Question about a corollary of Bessel inequiality I'm trying to prove: > **Let $(X,<,>)$ be a vector space with inner product and $E \subseteq X$ be a orthonormal subset of $X$. Prove that** > > **$\mathcal A$ ={$x \in E : |<y,x>| \neq0$} it's numerable.** Using the Bessel inequality that says: > **Let $(X,<,>)$ be a vector space with inner product.** > > **If { $x_i$}$_{i=1}^n$ are orthonormal then $\sum_{i=1}^n |<x_i,y>|^2 \le \|y\|^2 $ for every $y\in X$**. I have the suggestion to take $\mathcal A_n=${$x \in E : |<y,x>| 1/n$} for every $n \in \mathbb N$ and aplly Bessel inequiality. I understand why it ends with this, but really don't see how make the $\mathcal A_n$ numerable with Bessel inequality.
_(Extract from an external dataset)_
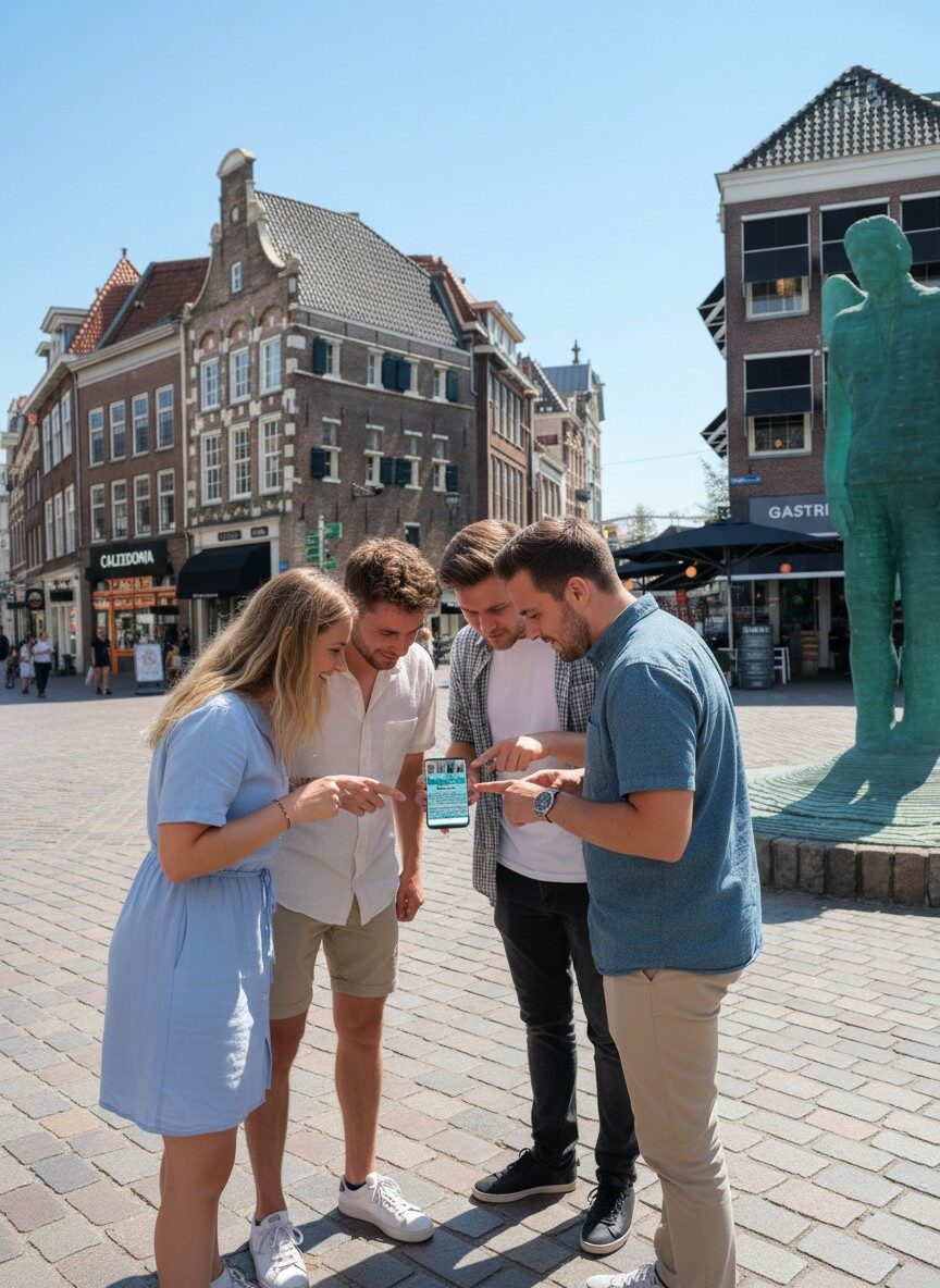 After booking, you’ll receive an email with your play link and simple start instructions. On the day you want to play, just head to the start location at Zwolle, Grote Kerkplein, open the link on your smartphone and begin the game. From there, you simply follow the GPS route, complete the challenges and explore at your own pace.

Thank you.

Let $x\in A_n$. From Bessel inequality (and the fact that being $A_n\subseteq E$ it's an orthornomal subset of X) we obtain

$||y||^2\ge\sum_{x\in A_n} |\langle x,y \rangle|^2\ge \sum_{x \in A_n} \frac{1}{n^2}$

Thus, if $A_n$ was infinite, the RHT would diverge, which is absurd since it is bounded by $||y||^2$. Since $A_n$ is finite, $A=\bigcup_{n\in \mathbb{N}}A_n$ is numerable (being a numerable union of finite sets)